Dataset excerpts:
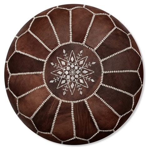 Handgjord sittpuff i skinn.
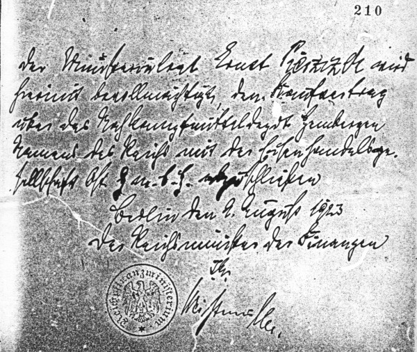 Ministerialrat Ernst Piesczcek wurde bevollmächtigt, den Kaufvertrag im Namen des Reichsfinanzministeriums zu unterschreiben.
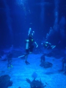After everyone was suited up the moment we were all waiting for was about to happen. We swam to the center of the water and then all of us as a collective group descended into the water. To get a feel of the dive, a Dive Master led the group through the whole tank and then we were allowed to separate and explore. During the entire dive, there was also a videographer to capture the whole experience which was available for purchase at the end of the dive. All proceeds also go to the Conservation Fund.
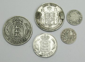 Samling bestående af 2x 4 skilling 1854 og 1856, 1 kr 1915 og 2x 2 kr 1876 og 1930. Samlet finsølvindhold 30,8 gr.
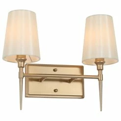 Cheapest 🎉 LALUZ Modern Gold Bathroom Vanity Light With Fabric Shade, 2-Light 💯
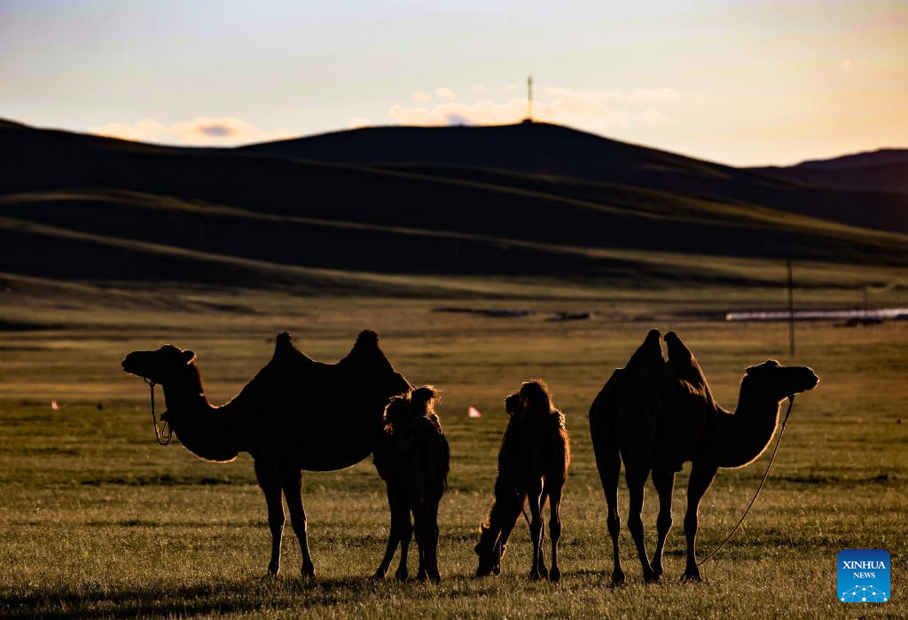 Camels are pictured at sunset in the Nalaikh District of Ulan Bator, Mongolia, on Aug. 18, 2023. The Nalaikh District, the venue of a cultural festival to promote Mongolia's nomadic intangible culture and the development of the tourism sector, returns to its natural tranquility as the day-time events concluded at sunset. Some participants choose to stay put and wait for pleasure on the next day, while the others drive on their way to the downtown area of Ulan Bator or nearby grazing sites. Herdsmen are gathering their horses before going home, but the children, inexhaustible as they always are, still vie to have as much fun as they can before it gets dark. (Xinhua/Lan Hongguang)
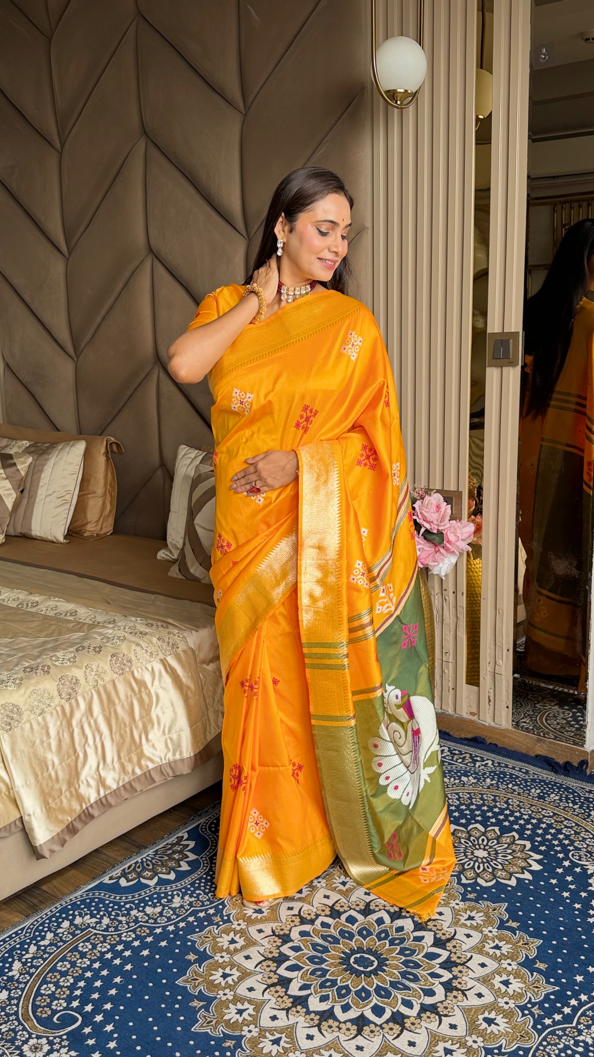 Orange Soft Silk Ikkat Patola Saree with Meenakari Motifs Peacock Pallu and Gold Zari Border
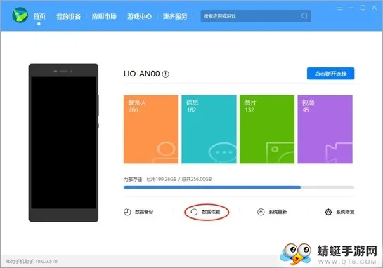 1、在Hisuite界面点击“数据恢复”,如下图所示:
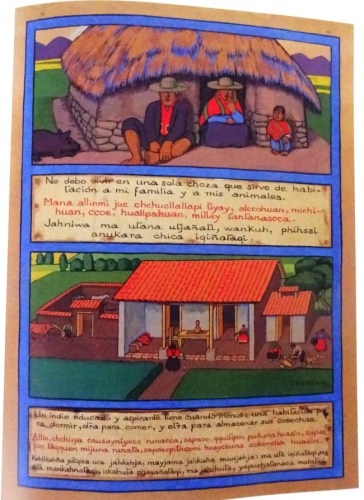 (Below) “Let’s make paved roads! Let’s pool our money and buy a truck for the Ayllu. Let’s happily obey the Road Law!”
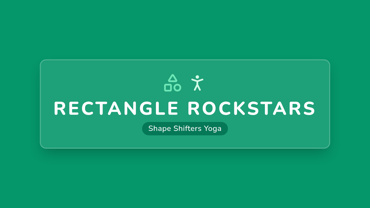 A vibrant, high-contrast presentation for the Shape Shifters Yoga lesson, including warm-up prompts, the embedded video, guided yoga poses, and a final recap of rectangle characteristics.
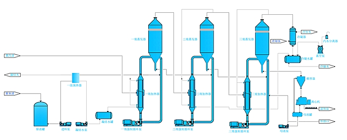 在多效蒸發(fā)器中,可將二次蒸器當(dāng)作加熱蒸汽,引入另一個(gè)蒸發(fā)器,只要后者蒸發(fā)室壓力和溶液沸點(diǎn)均較原來(lái)蒸發(fā)器中的為低,則引入的二次蒸汽即能起加熱熱源的作用。同理,第二個(gè)蒸發(fā)器新產(chǎn)生的新的二次蒸汽又可作為第三蒸發(fā)器的加熱蒸汽。這樣,每一個(gè)蒸發(fā)器即為一效,將多個(gè)蒸發(fā)器連接起來(lái)一同操作,即組成一個(gè)多效蒸發(fā)系統(tǒng)。加入生蒸汽的蒸發(fā)器稱為第一效,利用第一效二次蒸汽加熱的成為第二效,依次類(lèi)推。
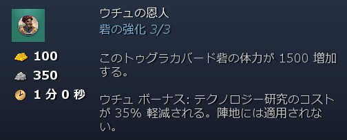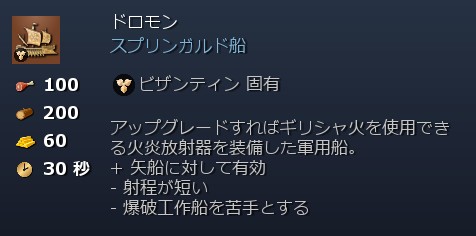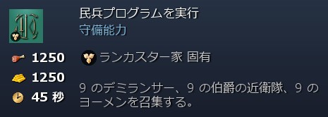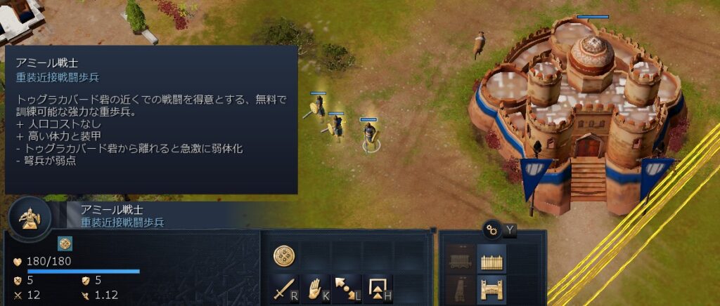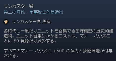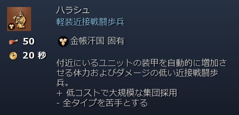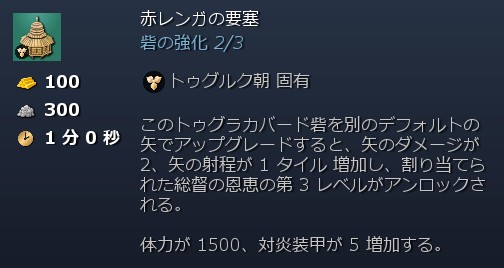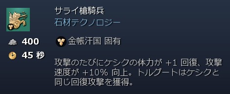 このユニットは城主Ⅲ時代に入らないと使えないが、文明メリット的に早め城主Ⅲ移行していく意向だし、文明ボーナスの聖遺物による金収入でこのユニットを生産しやすくむしろ投資先を得たことに喜ぶ。
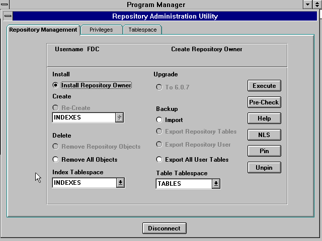 There are two tablespace selection drop-down list boxes. They are included to allow the repository manager to select tablespaces other than the default tablespace setup for the repository owner. It will also allow for separation of the repository
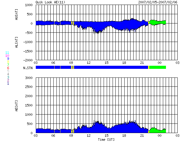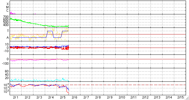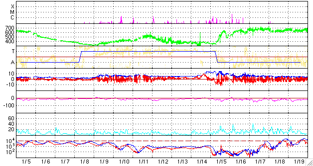 ACEが観測した太陽風の磁場(1番上の枠、白線は全体の強度、赤線は南北成分) および、太陽風の密度(3番目の橙線)、速度(4番目の黄線) (c) NOAA/SEC ![]() リアルタイムAE指数 下段のAEグラフの値が高くなると、オーロラ活動が活発化しています。 (c) 京都大学, NICT ![]() 沖縄の磁場擾乱 下へ下がるほど、擾乱が発達している事を意味します。 (c) NICT ![]() 27日の太陽周期に合わせたデータプロット 太陽が同じ面を地球に向けていた27日前の変化から、今後を予想することができます。 (c) NICT
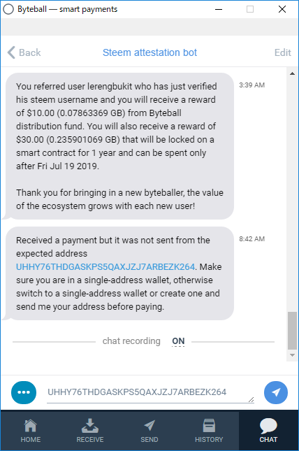 - Jangan copy paste alamat Byteball di Steemit, karena pencuri akan beraksi.
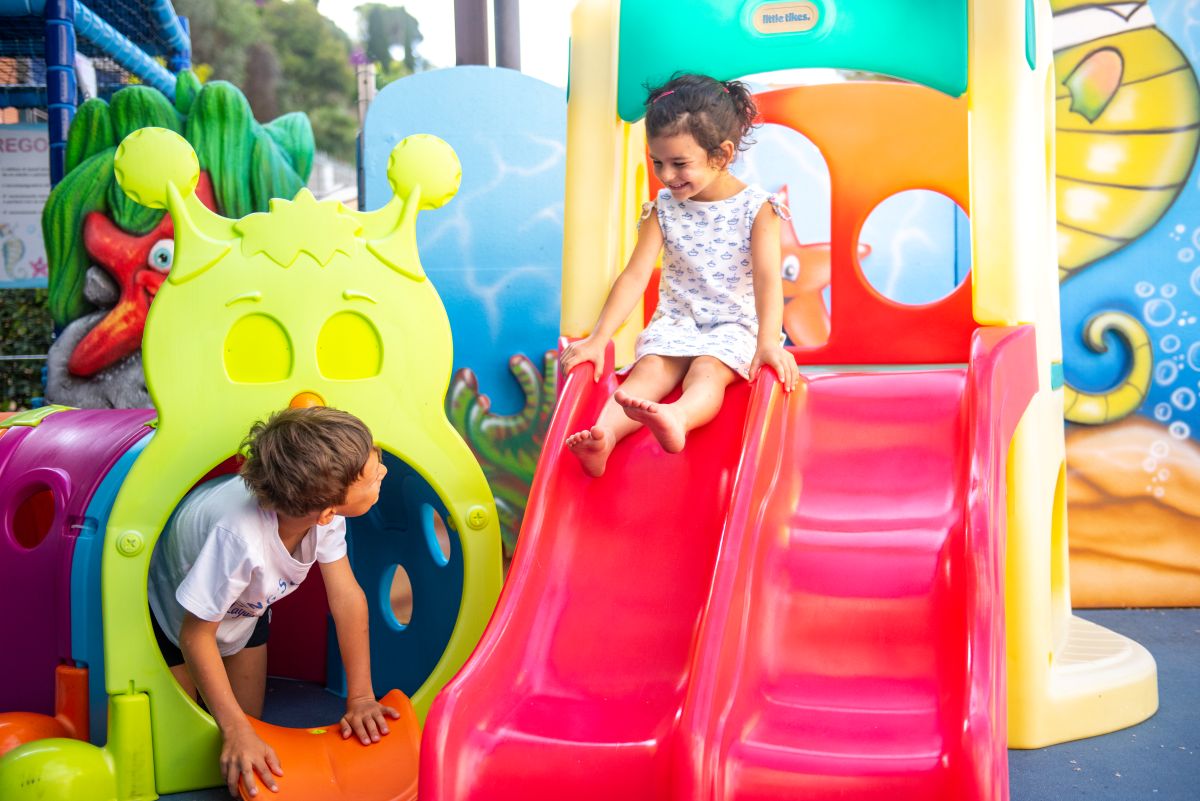Il cuore pulsante del divertimento è la nostra coloratissima terrazza giochi “Il Paradiso di Manu e Dede”, un’area all’aperto creata su misura per farli giocare in libertà.
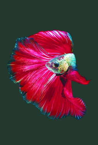 Siamese Fighting Fish with Red Pink and White Fins Underwater Marine Life Ocean Nautical Closeup Colorful Living Room Bedroom Office
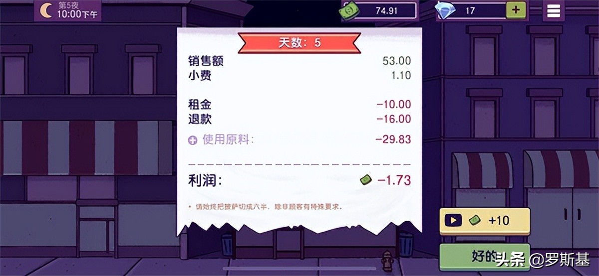 正如上图所示,每天10点后会结算游戏当日的流水和利润。你每涂一次酱料,每放一个配料,都代表着成本在上升。
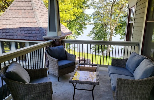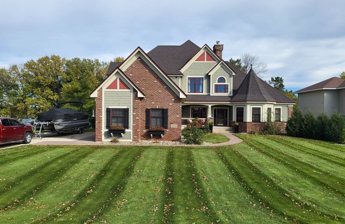 Discover the perfect family lake retreat. It is a wonderful welcoming place to make memories with family and friends. Lots of fun guest spaces! Maple Lake is a full recreational, 830 acre, spring fed lake. Great fishing, hard sand bottom, super clear (20' clarity). This spacious home has 6,500 square feet. It is a craftsman home; tastefully decorated and equipped for your stay. There are six large bedrooms, the home has 4.5 baths. More than enough room for multiple families. Your family and friends will enjoy spending time together. The home has two big family rooms with fireplaces. You'll have fun playing pool/billiards, you can add a ping pong top to the pool table if that's more fun for you. The lower level bar area has two TV's, a dishwasher, ice maker, and beverage coolers. When it's time to wind down the movie room is a comfortable place to enjoy a show. There are game chests packed with games for hours of family/friend fun. There is a fooseball table, game/dining tables, piano, sauna, exercise room, hot tub, screened in patio, theater room, deck and porch areas. On the main level you'll be impressed with the chef's kitchen with two adjacent dining rooms- so large groups can share meals together. You can find peace and relaxation right off of the kitchen through the french doors in the beautiful sitting room - it's facing the lake with vaulted ceilings. The craftsmanship in this home is amazing!! The outdoor lake facing gazebo is an artists dream (bring your own supplies), kids play area, or quite hangout. Maple Lake is so beautiful; there is 100 feet of usable lakeshore, we've saved a dock space for your boat, the dock has seating, and steps into the water play area. You can swim and relax on the floating raft. Or maybe you would enjoy using the paddle board and kayaks. There is a fire ring with lakeside chairs. The garage has lots of yard games for your enjoyment.
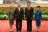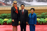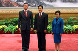 胡锦涛和夫人刘永清与韩国总理韩升洙和夫人合影
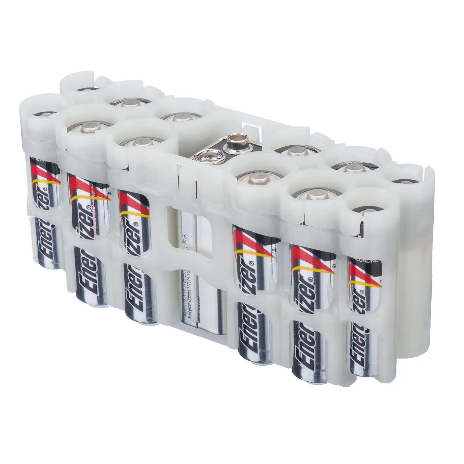 – Holds 8 AA's, 4 AAA's and 1 9V battery. Batteries are not included.– Moonshine caddies glow in the dark for up to 8 hours if exposed to 30 minutes of light.
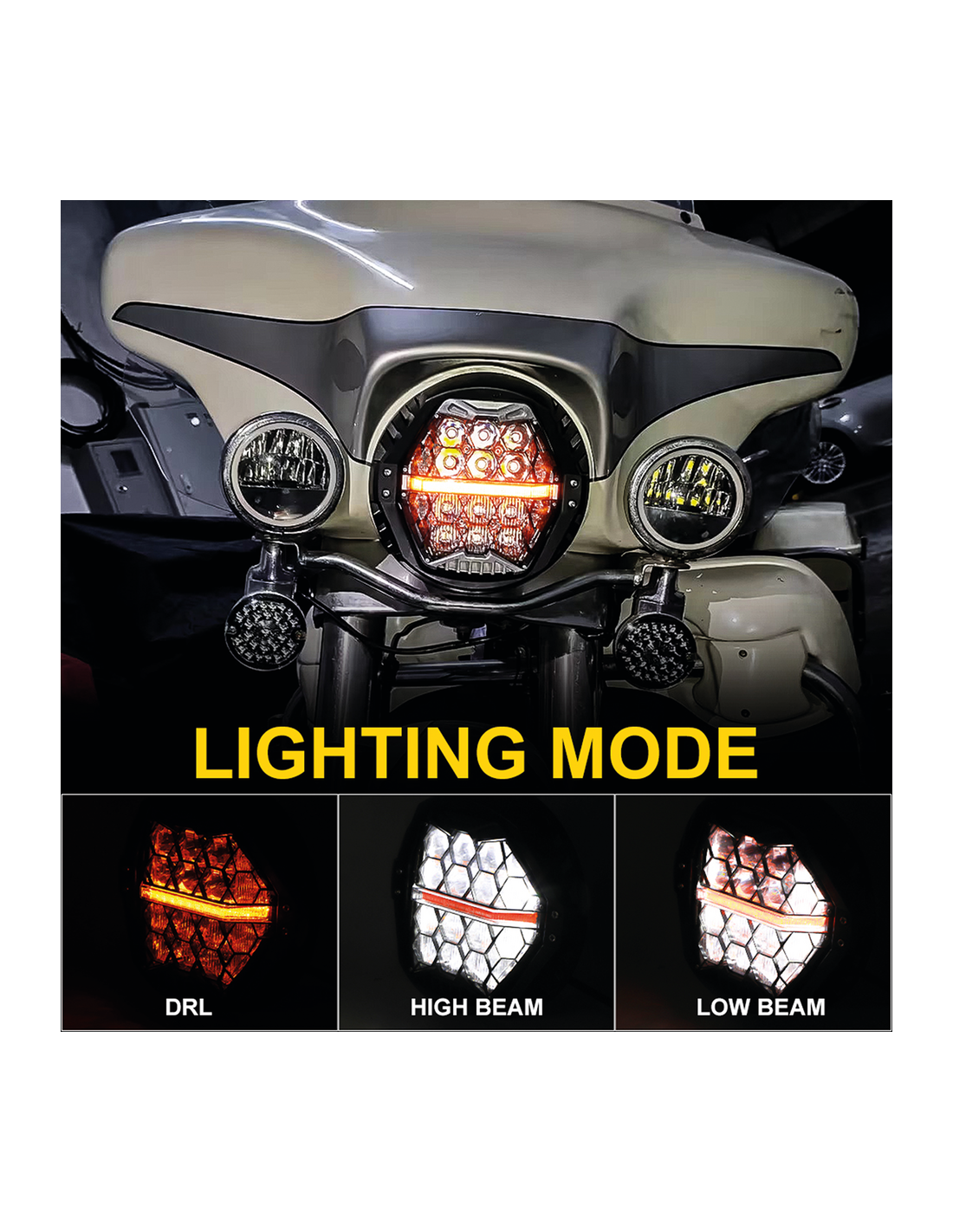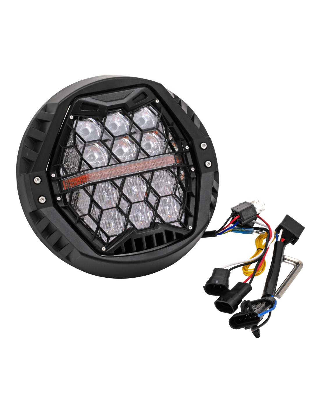 Questa parabola a LED omologata E è dotata di abbaglianti e anabbaglianti e di una funzione DRL (Luce di Marcia Diurna). Presenta una barra ambra illuminata orizzontalmente per uso da show. Si adatta alla maggior parte dei fari da 7", ma può essere installato anche senza alloggiamento. L'unità si adatta agli alloggiamenti con una profondità minima di 70mm e dispone di un connettore H4 standard a 3 poli. Viene fornito completo di un cavo adattatore in stile H13.

[What you should do] Restate word for word every line from the top of the entries above to the line with "Cheapest 🎉 LALUZ", inclusive, and skip any pictures.

[Solution]
 Handgjord sittpuff i skinn.
 Ministerialrat Ernst Piesczcek wurde bevollmächtigt, den Kaufvertrag im Namen des Reichsfinanzministeriums zu unterschreiben.
After everyone was suited up the moment we were all waiting for was about to happen. We swam to the center of the water and then all of us as a collective group descended into the water. To get a feel of the dive, a Dive Master led the group through the whole tank and then we were allowed to separate and explore. During the entire dive, there was also a videographer to capture the whole experience which was available for purchase at the end of the dive. All proceeds also go to the Conservation Fund.
 Samling bestående af 2x 4 skilling 1854 og 1856, 1 kr 1915 og 2x 2 kr 1876 og 1930. Samlet finsølvindhold 30,8 gr.
 Cheapest 🎉 LALUZ Modern Gold Bathroom Vanity Light With Fabric Shade, 2-Light 💯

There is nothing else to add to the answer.